Abstract

This thesis work has comprehensively compared, developed, and implemented
tools for advancing the evaluation and identification of hydrologic models including
the lumped conceptual Sacramento Soil Moisture Accounting (SAC-SMA)
model coupled with a snow accumulation and ablation model (SNOW-17), the distributed
conceptual Research Distributed Hydrologic Model (HL-RDHM), and a
semi-distributed version of the physical Penn State Integrated Hydrologic Model
(PIHM). The model evaluation and identification tools addressed in this thesis include
evolutionary multiobjective optimization algorithms and several sensitivity
analysis methods implemented for distributed parallel computing systems. This
thesis work was partitioned into four component studies. Study 1 assesses the
efficiency, effectiveness, reliability, and ease-of-use of state-of-the-art evolutionary
multiobjective optimization (EMO) tools when calibrating the SAC-SMA and the
PIHM. This research proposes and demonstrates a formal metrics-based methodology
for algorithm evaluation that clearly demonstrates their relative strengths and
weaknesses. Understanding the relative strengths and weaknesses of the currently
available EMO algorithms was important for Study 2 in which two parallelization
schemes were developed to improve EMO algorithms’ performance in terms of
their computational cost, their ability to identify high quality solutions and their
robustness on a variety of applications including computer science test functions,
hydrologic model calibration, and long-term groundwater monitoring design.

Beyond EMO algorithmic improvements, model evaluation and identification
also requires a detailed understanding of hydrologic simulations’ sensitivities to
guide model improvement, advance calibration strategies, and enhance our understanding
of the key observations and processes controlling model behavior. Study
3 compares the repeatability, robustness, efficiency, and ease-of-implementation of
four sensitivity analysis (SA) methods ranging from local analysis using parameter
estimation software (PEST) to global approaches including regional sensitivity
analysis (RSA), analysis of variance (ANOVA), and Sobol’s method. The four
SA tools were applied to the fully lumped SAC-SMA coupled with SNOW-17 using
different model time steps and watershed locations.

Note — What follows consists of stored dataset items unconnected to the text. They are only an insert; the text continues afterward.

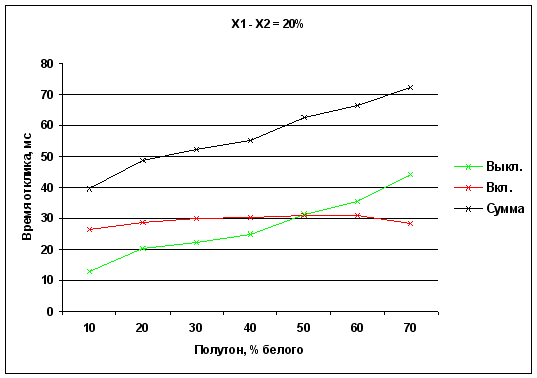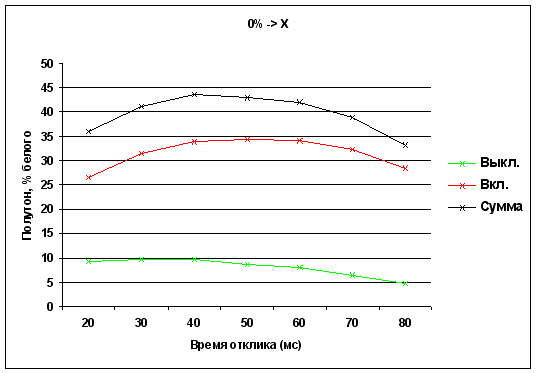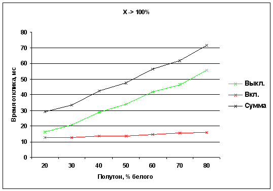 Времена отклика при переходе от полутона X до белого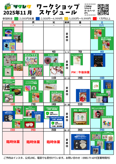 講師に教わりながら、2時間ほどで自分の作品を作る特別なツクレタ体験ができるワークショップを開催しています。
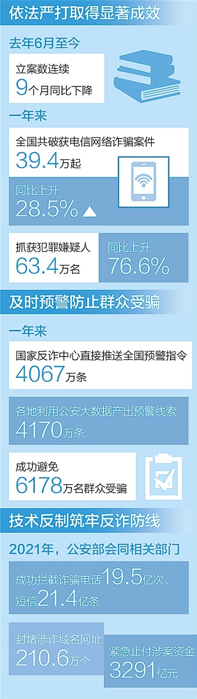據(jù)介紹,全國(guó)公安機(jī)關(guān)深入開展“云劍”“長(zhǎng)城”“斷卡”“斷流”“5·10”等專項(xiàng)行動(dòng),先后組織開展150次全國(guó)集群戰(zhàn)役。一年來,共破獲電信網(wǎng)絡(luò)詐騙案件39.4萬起,抓獲犯罪嫌疑人63.4萬名,同比分別上升28.5%和76.6%。根據(jù)最新統(tǒng)計(jì),電信網(wǎng)絡(luò)詐騙立案數(shù)連續(xù)9個(gè)月同比下降,打擊治理工作取得顯著成效。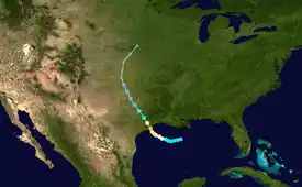 Alicia weakened as it accelerated northwest into the Texas interior, with the hurricane's center passing just west of Downtown Houston on the morning of August 18 as a Category 1 hurricane;[4] the storm was initially slow to weaken as it was able to rein in moist air from the warm Gulf of Mexico.[5] Later that day, the continued inhibitory impacts of friction and dry air weakened Alicia to a tropical storm near College Station, Texas,[9] and degenerated into a tropical depression early on August 19 near the Dallas–Fort Worth metroplex.[4] Despite having remained over land for 36 hours, Alicia remained well-organized while tracking into Oklahoma on August 20.[10] The tapering system transitioned into an extratropical cyclone later that day; these remnants persisted for another day before they were absorbed by a passing trough over eastern Nebraska on August 21.[1][4]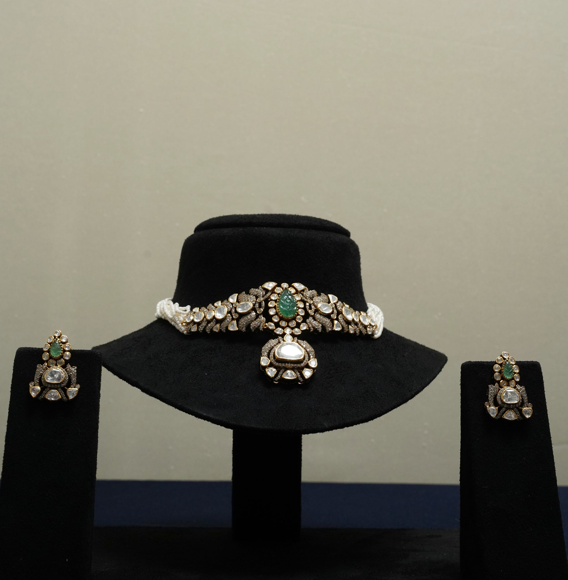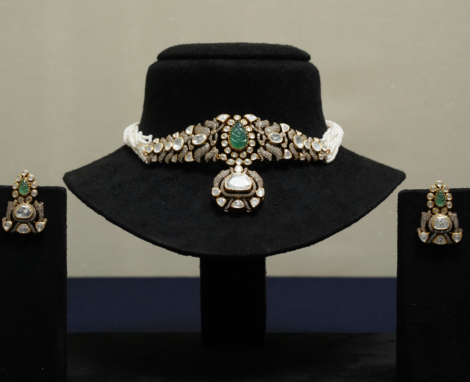 Thoughtfully designed by Kesari Rajat in hallmarked 92.5 silver with a polished finish, this statement choker and earring set features elaborate polki-style detailing enriched with emerald green stones and pearl embellishments. Ideal for bridal wear, festive gatherings, and heirloom-worthy gifting, it reflects heritage beauty with modern elegance.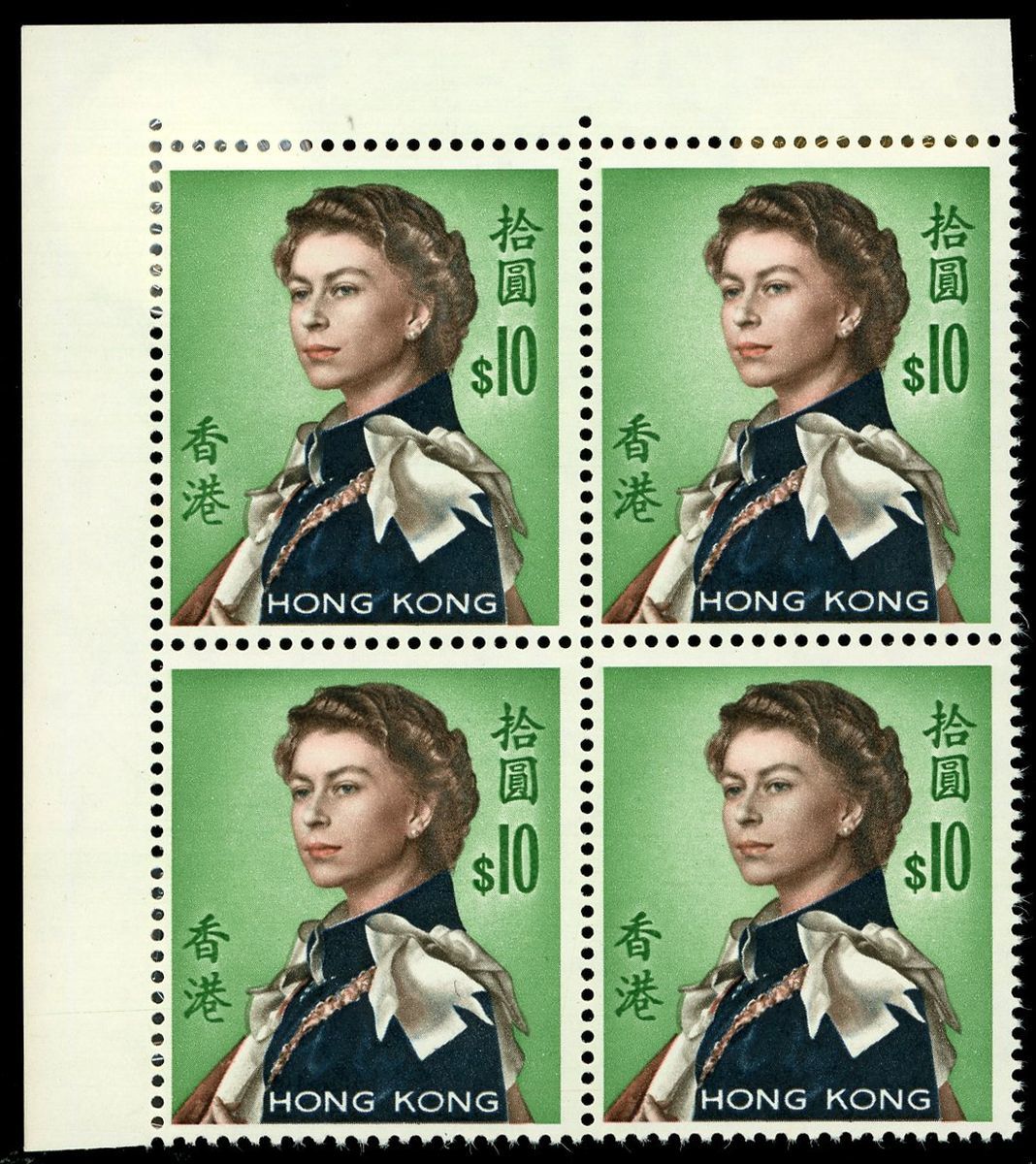 1970 QEII Annigoni Portrait $10 Left Top corner blockk of 4, with Pale Yellow Colour omitted variety, fine unmounted mint.

The results show that
lumped model parameter sensitivities are heavily impacted by the choice of analysis
method, model time interval, and local watershed characteristics. Study 4
extends Study 3 to advance distributed hydrologic model evaluation and identification
using Sobol’s variance decomposition method since it was shown to be more
robust and interpretable relative to the other sensitivity analysis methods tested.

Study 4 demonstrates a methodology that balances the computational constraints
posed by global sensitivity analysis with the need to fully characterize the
HL-RDHM’s sensitivities. The model’s sensitivities were assessed for long-term
(annual and monthly) as well as short-term (events) forecasting periods. Overall,
the results reveal that storage variations, spatial trends in forcing, cell-connectivity,
and cell proximity to the gauged outlet are the four primary factors that control the
HL-RDHM’s behavior. This study suggests that operational forecasts would benefit
from the joint use of a robust sensitivity analysis framework directly integrated
into new calibration methodologies. Overall, this thesis advances the analysis, formulation,
and solution of hydrologic model evaluation and identification problems
using multiple performance objectives and state-of-the-art algorithms implemented
to exploit high-performance computing.